2022-11-04 –, ADASS Conference Room 1
The Data Activate Flow Graph Engine (DALiuGE) is a workflow scheduling and execution system. It has been developed with extreme scalability ability, ranging from stand-alone laptops to the biggest supercomputers in the world, as one of the key requirements. One of the other requirements was to be able to re-use existing (radio astronomy) software, while also allowing a tighter integration of dedicated processing components with the execution engine. The third main requirement was separation of concerns to allow astronomers and workflow developers to concentrate on the workflow logic and the selection of appropriate algorithmic components, software engineers on the development and maintenance of operational grade components providing those algorithms, HPC specialists on the optimization of the execution of the components and the overall workflow and finally also enable hardware/software co-design for performance or I/O critical components.
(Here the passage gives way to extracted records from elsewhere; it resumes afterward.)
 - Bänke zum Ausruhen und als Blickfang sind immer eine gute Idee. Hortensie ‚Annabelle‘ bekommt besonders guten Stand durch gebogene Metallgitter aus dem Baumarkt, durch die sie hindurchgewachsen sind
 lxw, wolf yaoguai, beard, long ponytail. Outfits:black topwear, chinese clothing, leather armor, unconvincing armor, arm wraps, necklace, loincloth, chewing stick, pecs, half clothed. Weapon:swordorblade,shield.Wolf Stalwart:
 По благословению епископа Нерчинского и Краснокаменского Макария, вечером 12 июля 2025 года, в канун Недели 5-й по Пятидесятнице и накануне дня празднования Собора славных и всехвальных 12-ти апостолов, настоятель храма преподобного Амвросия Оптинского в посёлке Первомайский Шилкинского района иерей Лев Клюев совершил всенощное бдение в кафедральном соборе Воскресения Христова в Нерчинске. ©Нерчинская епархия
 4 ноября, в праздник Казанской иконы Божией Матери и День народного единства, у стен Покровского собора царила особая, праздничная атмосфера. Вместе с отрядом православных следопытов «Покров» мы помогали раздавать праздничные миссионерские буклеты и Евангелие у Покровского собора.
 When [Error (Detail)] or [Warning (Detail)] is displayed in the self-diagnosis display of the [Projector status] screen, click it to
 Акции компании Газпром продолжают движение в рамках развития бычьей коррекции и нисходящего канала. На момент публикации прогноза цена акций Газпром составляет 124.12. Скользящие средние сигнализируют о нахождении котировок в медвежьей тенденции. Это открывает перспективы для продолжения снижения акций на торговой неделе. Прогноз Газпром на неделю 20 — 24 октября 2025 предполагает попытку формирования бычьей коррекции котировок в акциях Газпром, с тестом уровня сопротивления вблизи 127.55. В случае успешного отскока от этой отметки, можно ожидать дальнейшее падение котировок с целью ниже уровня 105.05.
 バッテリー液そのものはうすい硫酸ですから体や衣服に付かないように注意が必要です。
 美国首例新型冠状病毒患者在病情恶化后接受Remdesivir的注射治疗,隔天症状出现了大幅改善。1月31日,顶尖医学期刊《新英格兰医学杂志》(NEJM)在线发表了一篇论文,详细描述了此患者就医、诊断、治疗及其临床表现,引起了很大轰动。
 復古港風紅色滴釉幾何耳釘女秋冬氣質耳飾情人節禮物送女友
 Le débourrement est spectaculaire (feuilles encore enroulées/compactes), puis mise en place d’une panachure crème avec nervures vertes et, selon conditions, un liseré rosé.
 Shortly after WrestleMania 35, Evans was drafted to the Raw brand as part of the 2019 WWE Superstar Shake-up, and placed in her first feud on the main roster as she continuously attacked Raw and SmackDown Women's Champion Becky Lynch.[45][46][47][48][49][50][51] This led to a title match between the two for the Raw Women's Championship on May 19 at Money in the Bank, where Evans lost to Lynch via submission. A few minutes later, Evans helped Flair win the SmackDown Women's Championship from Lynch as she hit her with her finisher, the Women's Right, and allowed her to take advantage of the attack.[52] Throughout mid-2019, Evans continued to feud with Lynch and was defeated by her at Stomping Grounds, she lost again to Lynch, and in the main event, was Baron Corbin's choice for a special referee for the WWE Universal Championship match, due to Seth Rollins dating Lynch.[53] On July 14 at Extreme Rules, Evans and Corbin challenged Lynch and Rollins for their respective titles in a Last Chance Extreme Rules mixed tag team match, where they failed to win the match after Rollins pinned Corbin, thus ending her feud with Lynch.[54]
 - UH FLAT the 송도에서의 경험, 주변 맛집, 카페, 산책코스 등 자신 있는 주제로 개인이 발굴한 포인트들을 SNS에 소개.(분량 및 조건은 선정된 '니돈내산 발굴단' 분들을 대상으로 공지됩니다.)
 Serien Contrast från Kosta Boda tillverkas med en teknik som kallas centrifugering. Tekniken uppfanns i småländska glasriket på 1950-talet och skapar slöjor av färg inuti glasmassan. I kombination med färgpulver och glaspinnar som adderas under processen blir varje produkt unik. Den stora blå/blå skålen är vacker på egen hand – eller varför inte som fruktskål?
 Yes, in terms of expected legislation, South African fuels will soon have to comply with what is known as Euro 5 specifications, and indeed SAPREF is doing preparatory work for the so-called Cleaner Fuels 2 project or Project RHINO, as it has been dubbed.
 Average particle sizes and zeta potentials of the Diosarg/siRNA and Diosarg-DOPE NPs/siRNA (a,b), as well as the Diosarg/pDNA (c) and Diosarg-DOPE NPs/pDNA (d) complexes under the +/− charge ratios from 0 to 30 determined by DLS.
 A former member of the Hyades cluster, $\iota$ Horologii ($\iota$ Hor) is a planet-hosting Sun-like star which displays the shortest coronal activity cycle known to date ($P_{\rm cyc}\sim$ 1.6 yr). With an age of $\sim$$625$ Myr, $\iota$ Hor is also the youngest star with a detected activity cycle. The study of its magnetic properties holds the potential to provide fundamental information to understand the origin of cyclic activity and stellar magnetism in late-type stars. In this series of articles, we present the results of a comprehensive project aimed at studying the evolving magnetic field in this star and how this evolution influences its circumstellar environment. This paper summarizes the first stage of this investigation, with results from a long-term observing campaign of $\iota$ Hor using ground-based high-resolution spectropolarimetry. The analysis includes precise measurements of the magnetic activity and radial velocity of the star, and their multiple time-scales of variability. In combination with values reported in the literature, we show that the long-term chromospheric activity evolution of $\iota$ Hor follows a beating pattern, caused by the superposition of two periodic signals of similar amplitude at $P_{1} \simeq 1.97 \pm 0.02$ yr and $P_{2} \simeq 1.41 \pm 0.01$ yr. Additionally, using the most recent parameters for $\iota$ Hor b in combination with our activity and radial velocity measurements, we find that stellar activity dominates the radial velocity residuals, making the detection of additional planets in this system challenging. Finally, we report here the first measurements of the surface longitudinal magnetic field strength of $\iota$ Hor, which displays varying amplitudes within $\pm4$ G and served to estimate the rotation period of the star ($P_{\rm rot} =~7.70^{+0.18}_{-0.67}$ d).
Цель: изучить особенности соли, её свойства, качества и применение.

In the meantime DALiuGE has reached beta status and is ready for broader consumption. An earlier version has been used to drive the 2020 Gordon Bell prize finalist project to demonstrate that we would be able to process SKA scale data streams on a supercomputer the size of Summit. During that run we have used 99 percent of Summit (27,360 GPUs), achieving 130 petaflops peak performance for single-precision, 247 gigabytes per second data generation rate, and 925 gigabytes per second pure I/O rate.
This paper presents an overview of the system and cover the key aspects of the implementation of each of the requirements mentioned above.